Since above code extracts all data on the first page, below code is run only to extract movie information on it.

In [39]:
movie_blocks = soup.findAll('div',  {'class':'lister-item-content'})

In [40]:
movie_blocks[0]

<div class="lister-item-content">
<h3 class="lister-item-header">
<span class="lister-item-index unbold text-primary">1.</span>
<a href="/title/tt1825683/">Chiến Binh Báo Đen</a>
<span class="lister-item-year text-muted unbold">(2018)</span>
</h3>
<p class="text-muted">
<span class="certificate">C16</span>
<span class="ghost">|</span>
<span class="runtime">134 min</span>
<span class="ghost">|</span>
<span class="genre">
Action, Adventure, Sci-Fi            </span>
</p>
<div class="ratings-bar">
<div class="inline-block ratings-imdb-rating" data-value="7.3" name="ir">
<span class="global-sprite rating-star imdb-rating"></span>
<strong>7.3</strong>
</div>
<div class="inline-block ratings-user-rating">
<span class="userRatingValue" data-tconst="tt1825683" id="urv_tt1825683">
<span class="global-sprite rating-star no-rating"></span>
<span class="rate" data-no-rating="Rate this" data-value="0" name="ur">Rate this</span>
</span>
<div class="starBarWidget" id="sb_tt1825683">
<div class="ratin

BeautifulSoup.find_all(arguments) returns a list of BeautifulSoup objects. These are all occurrences matching the arguments. If there are no matches, method returns empty list. This is obviously used, when you cannot identify it right away and have to do some more digging before you get to the data you want.

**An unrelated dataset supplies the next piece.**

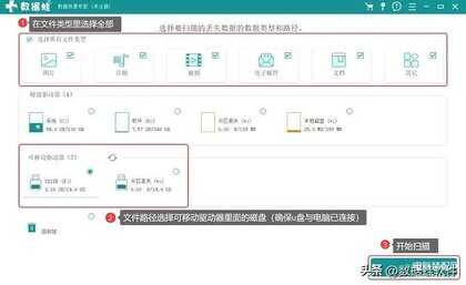 u盘与电脑连接,打开软件页面,会弹出注册窗口,你可以关闭这个窗口,再免费试用。要扫描文件的类型,一般默认全选。文件路径选择可移动驱动器里面的磁盘。选择好后,开始扫描。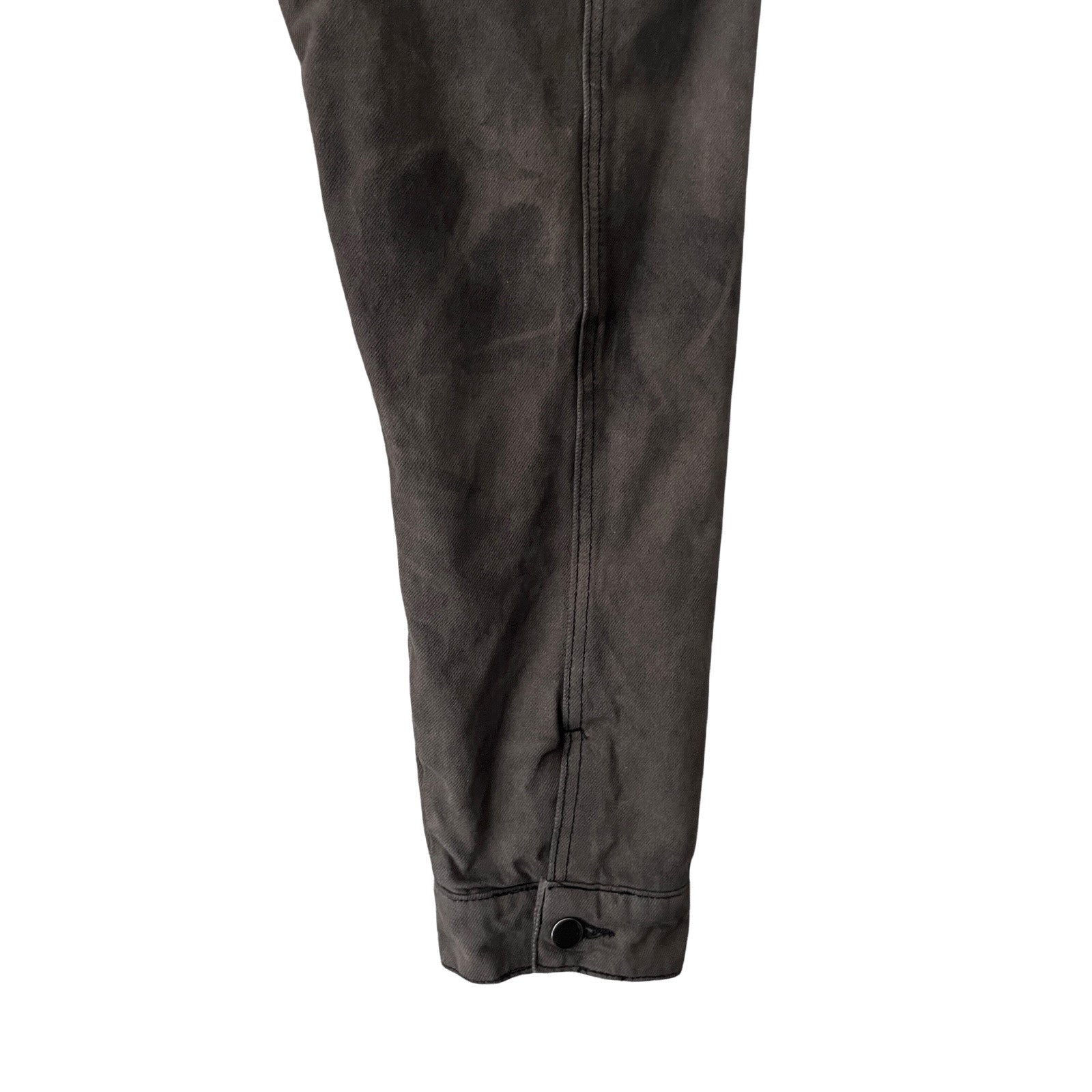 It started as solid black prior to receiving a bleach wash out treatment and an overdye treatment, producing a cloudy mixture of warm grey and hazy brown tones.

> Let's examine one of the extracted block to identify the elements that we need to scrape.

In [41]:
movie_blocks[0].find('span', {'class': 'lister-item-year'}).contents

['(2018)']

In [42]:
import re
year = re.compile("\d+")
year.search(movie_blocks[0].find('span',{'class': 'lister-item-year'}).contents[0]).group()

'2018'

In [43]:
mname = movie_blocks[0].find('a').get_text() # Name of the movie

m_reyear = int(movie_blocks[0].find('span',{'class': 'lister-item-year'}).contents[0][1:-1]) # Release year

m_rating = float(movie_blocks[0].find('div',{'class':'inline-block ratings-imdb-rating'}).get('data-value')) #rating

m_mscore = float(movie_blocks[0].find('span',{'class':'metascore favorable'}).contents[0].strip()) #meta score

m_votes = int(movie_blocks[0].find('span',{'name':'nv'}).get('data-value')) # votes

print("Movie Name: " + mname,
      "\nRelease Year: " + str(m_reyear),
      "\nIMDb Rating: " + str(m_rating),
      "\nMeta score: " + str(m_mscore),
      "\nVotes: " + '{:,}'.format(m_votes)

)

Movie Name: Chiến Binh Báo Đen 
Release Year: 2018 
IMDb Rating: 7.3 
Meta score: 88.0 
Votes: 801,290


In [44]:
def scrape_mblock(movie_block):
    
    movieb_data ={}
  
    try:
        movieb_data['name'] = movie_block.find('a').get_text() # Name of the movie
    except:
        movieb_data['name'] = None

    try:    
        movieb_data['year'] = str(movie_block.find('span',{'class': 'lister-item-year'}).contents[0][1:-1]) # Release year
    except:
        movieb_data['year'] = None

    try:
        movieb_data['rating'] = float(movie_block.find('div',{'class':'inline-block ratings-imdb-rating'}).get('data-value')) #rating
    except:
        movieb_data['rating'] = None
    
    try:
        movieb_data['m_score'] = float(movie_block.find('span',{'class':'metascore favorable'}).contents[0].strip()) #meta score
    except:
        movieb_data['m_score'] = None

    try:
        movieb_data['votes'] = int(movie_block.find('span',{'name':'nv'}).get('data-value')) # votes
    except:
        movieb_data['votes'] = None

    return movieb_data

> Then I create the below function to scrape all movie blocks within a single search result page

In [45]:
def scrape_m_page(movie_blocks):
    
    page_movie_data = []
    num_blocks = len(movie_blocks)
    
    for block in range(num_blocks):
        page_movie_data.append(scrape_mblock(movie_blocks[block]))
    
    return page_movie_data

> Now we built functions to extract all movie data from a single page.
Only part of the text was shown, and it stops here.